La recherche a montré que les modèles prédictifs peuvent également discerner d’autres attributs personnels – tels que la race et l’ethnicité – en fonction, par exemple, des likes de Facebook. Une préoccupation ici est la manière dont les spécialistes du marketing peuvent utiliser ce type de prédictions. Comme l’a dit Latanya Sweeney, professeur de gouvernement et de technologie à Harvard, «En fin de compte, la publicité en ligne est une question de discrimination. Vous ne voulez pas que les mères ayant des nouveau-nés reçoivent des publicités pour des cannes à pêche, et vous ne voulez pas que les pêcheurs reçoivent des publicités pour les couches. La question est de savoir quand cette discrimination franchit-elle la ligne du ciblage des clients à un impact négatif sur tout un groupe de personnes? » En effet, une étude de Sweeney a montré que les recherches sur Google pour les noms «à consonance noire» étaient 25% plus susceptibles d’afficher une annonce suggérant que la personne avait un dossier d’arrestation, même si l’annonceur n’avait personne avec ce nom dans sa base de données d’arrestations. .

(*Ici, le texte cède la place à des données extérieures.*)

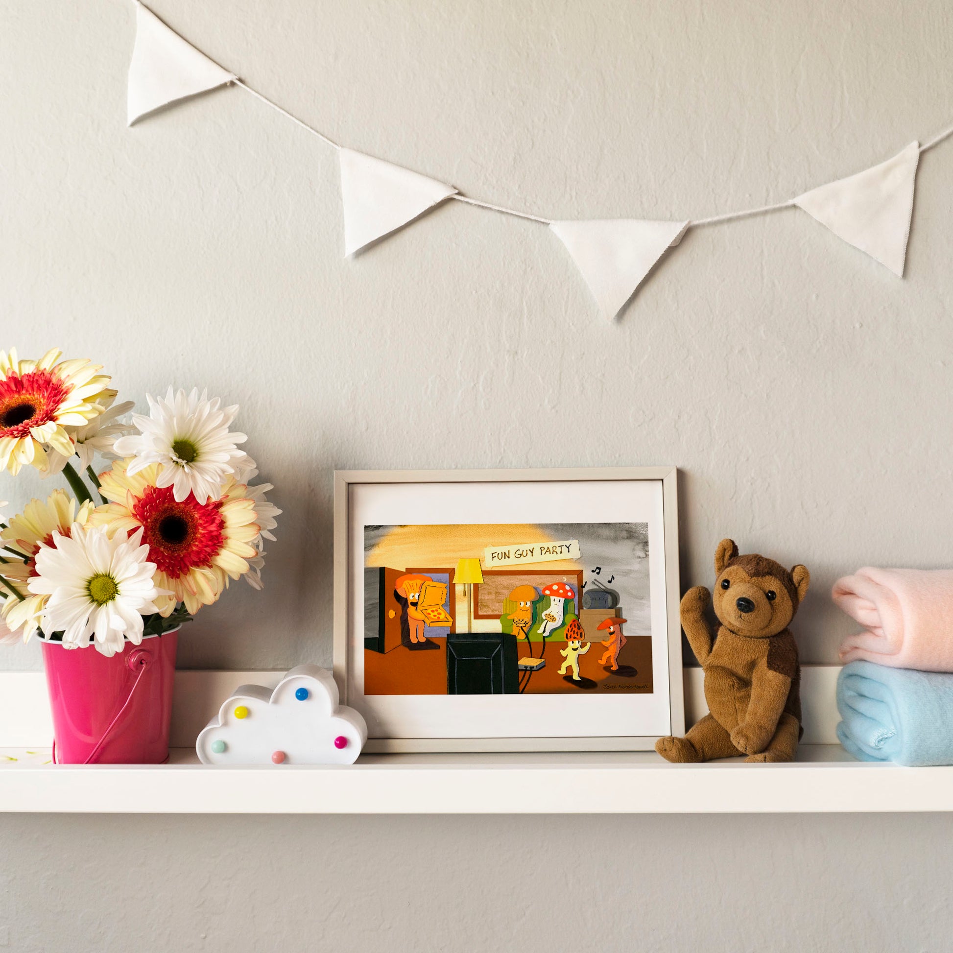 These playful mushroom characters are having a blast playing video games, dancing, and indulging in some delicious pizza, and you're invited to the party!

«Si vous créez une technologie qui peut classer les gens selon une ethnie, quelqu’un l’utilisera pour réprimer cette ethnie», déclare Clare Garvie, associée principale au Center on Privacy and Technology de Georgetown Law.

Ce qui nous amène en Chine, où le gouvernement applique la reconnaissance faciale pour identifier et suivre les membres des Ouïghours, un groupe ethnique systématiquement opprimé par le gouvernement. Il s’agit du premier cas connu d’un gouvernement utilisant l’apprentissage automatique pour établir un profil par appartenance ethnique. Ce signalement d’individus par groupe ethnique est conçu spécifiquement pour être utilisé comme facteur de décisions discriminatoires – c’est-à-dire fondées au moins en partie sur une classe protégée. Dans ce cas, les membres de ce groupe, une fois identifiés, seront traités ou considérés différemment en raison de leur appartenance ethnique. Une start-up chinoise évaluée à plus d’un milliard de dollars a déclaré que son logiciel pouvait reconnaître «des groupes de personnes sensibles». Son site Internet disait: «Si à l’origine un Ouïghour vit dans un quartier et que dans les 20 jours, six Ouïghours apparaissent, il envoie immédiatement des alarmes» aux forces de l’ordre.

La mise en œuvre du traitement différentiel d’un groupe éthique basé sur la technologie prédictive prend les risques à un tout autre niveau. Jonathan Frankle, chercheur en apprentissage profond au MIT, prévient que ce potentiel s’étend au-delà de la Chine. «Je ne pense pas qu’il soit exagéré de traiter cela comme une menace existentielle pour la démocratie. Une fois qu’un pays adopte un modèle dans ce mode autoritaire lourd, il utilise des données pour imposer la pensée et les règles de manière beaucoup plus profonde… Dans cette mesure, il s’agit d’une crise urgente dans laquelle nous entrons lentement en somnambulisme. »

C’est un véritable défi de tracer la ligne pour déterminer quels objectifs prédictifs poursuivis avec l’apprentissage automatique sont contraires à l’éthique, et encore moins contre lesquelles il faudrait légiférer, le cas échéant. Mais, à tout le moins, il est important de rester vigilant lorsque l’apprentissage automatique sert à renforcer une pratique contraire à l’éthique préexistante, et également lorsque cela génère des données qui doivent être traitées avec précaution.